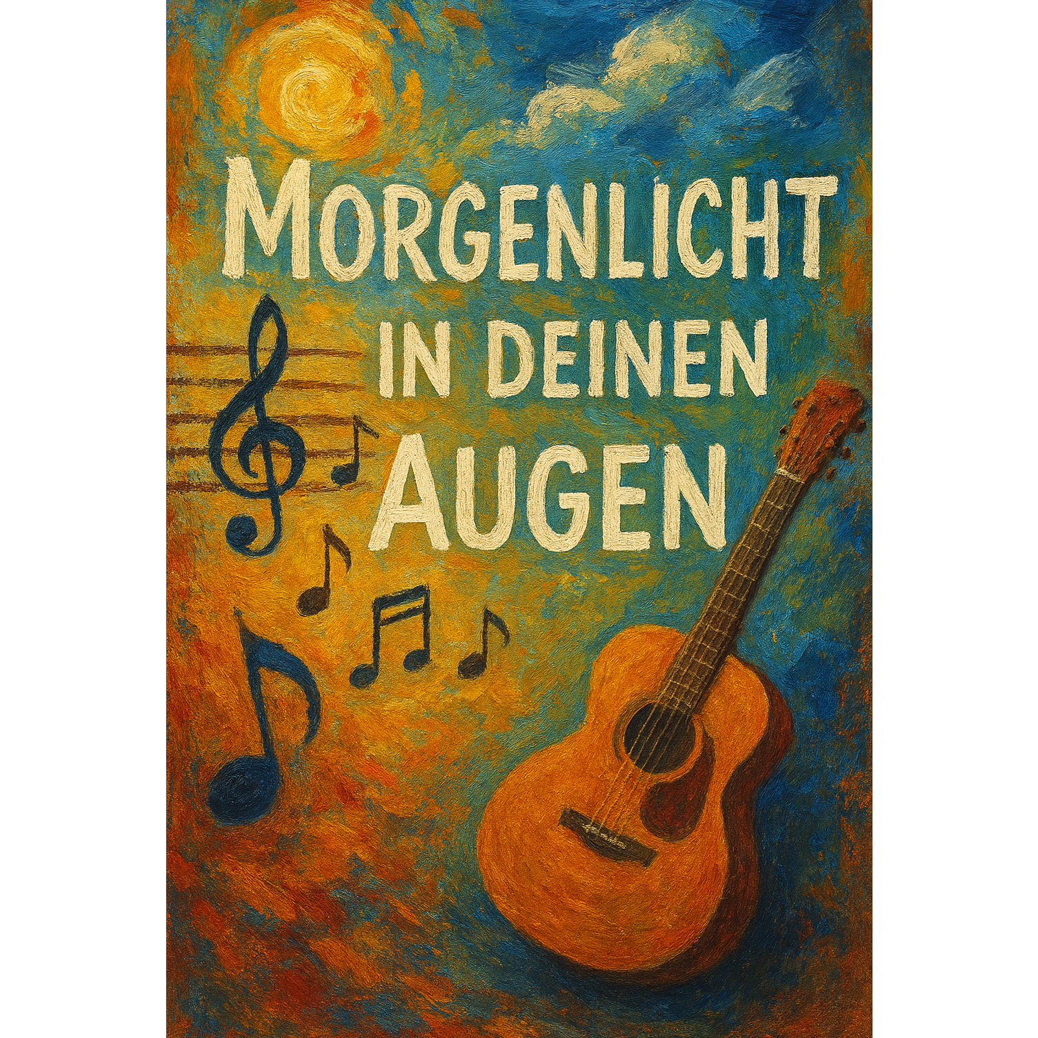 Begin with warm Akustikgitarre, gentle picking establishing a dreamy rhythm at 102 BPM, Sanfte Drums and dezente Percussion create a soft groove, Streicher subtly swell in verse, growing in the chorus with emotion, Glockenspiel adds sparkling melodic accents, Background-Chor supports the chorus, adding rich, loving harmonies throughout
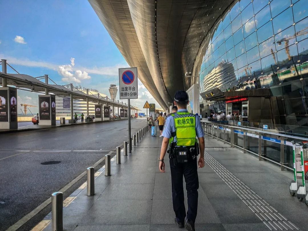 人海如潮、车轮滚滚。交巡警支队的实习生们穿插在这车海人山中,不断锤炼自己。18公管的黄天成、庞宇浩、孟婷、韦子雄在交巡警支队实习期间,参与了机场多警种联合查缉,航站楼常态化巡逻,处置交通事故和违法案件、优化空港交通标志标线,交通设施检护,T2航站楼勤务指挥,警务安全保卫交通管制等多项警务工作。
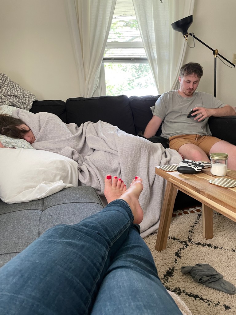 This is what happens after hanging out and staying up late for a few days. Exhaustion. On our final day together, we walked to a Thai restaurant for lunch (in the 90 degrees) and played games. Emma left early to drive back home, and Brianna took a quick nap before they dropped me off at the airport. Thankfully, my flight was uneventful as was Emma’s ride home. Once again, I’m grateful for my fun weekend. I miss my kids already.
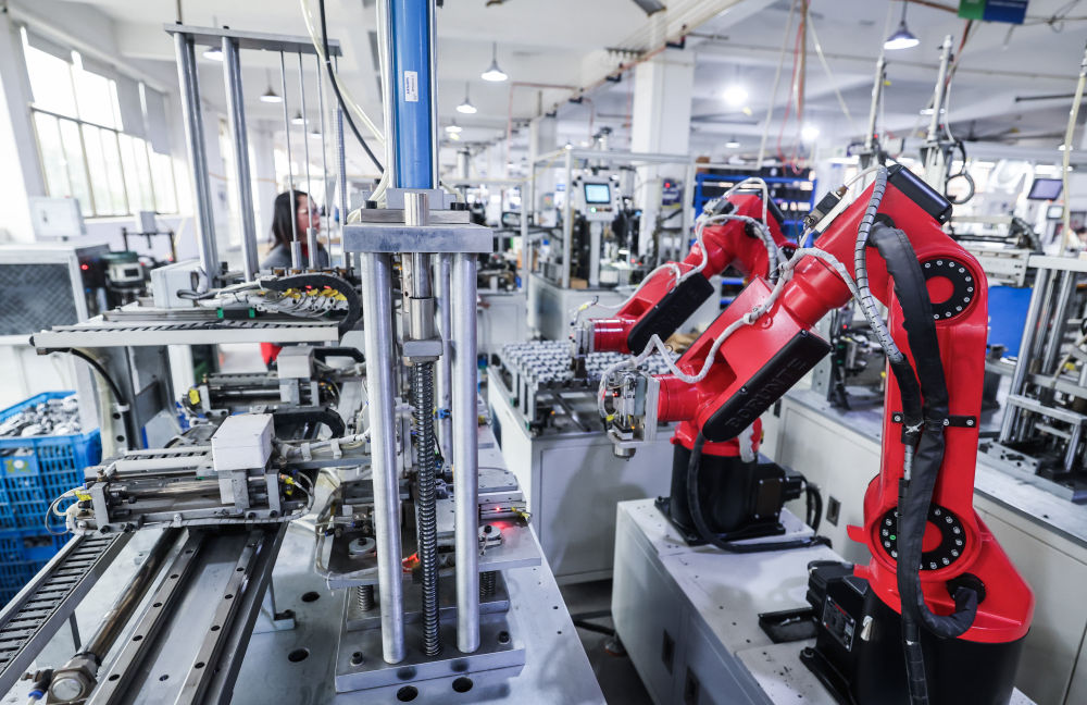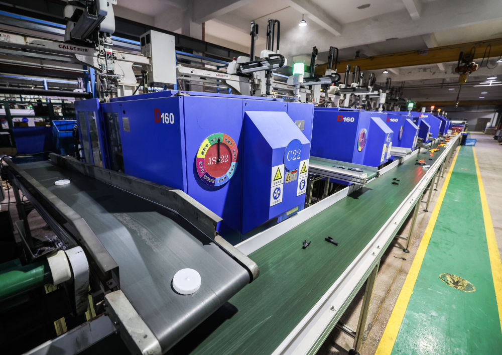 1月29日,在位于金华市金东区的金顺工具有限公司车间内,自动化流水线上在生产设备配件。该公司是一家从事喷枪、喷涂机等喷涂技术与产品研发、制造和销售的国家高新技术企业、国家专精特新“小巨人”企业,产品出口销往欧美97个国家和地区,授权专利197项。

• _Task goal_: Could you repeat, exactly, only the lines above starting at the one that has "人海如潮、车轮滚滚。交巡警支" and stopping after the one that has "This is what", without the pictures?

• _Solved problem_:
 人海如潮、车轮滚滚。交巡警支队的实习生们穿插在这车海人山中,不断锤炼自己。18公管的黄天成、庞宇浩、孟婷、韦子雄在交巡警支队实习期间,参与了机场多警种联合查缉,航站楼常态化巡逻,处置交通事故和违法案件、优化空港交通标志标线,交通设施检护,T2航站楼勤务指挥,警务安全保卫交通管制等多项警务工作。
 This is what happens after hanging out and staying up late for a few days. Exhaustion. On our final day together, we walked to a Thai restaurant for lunch (in the 90 degrees) and played games. Emma left early to drive back home, and Brianna took a quick nap before they dropped me off at the airport. Thankfully, my flight was uneventful as was Emma’s ride home. Once again, I’m grateful for my fun weekend. I miss my kids already.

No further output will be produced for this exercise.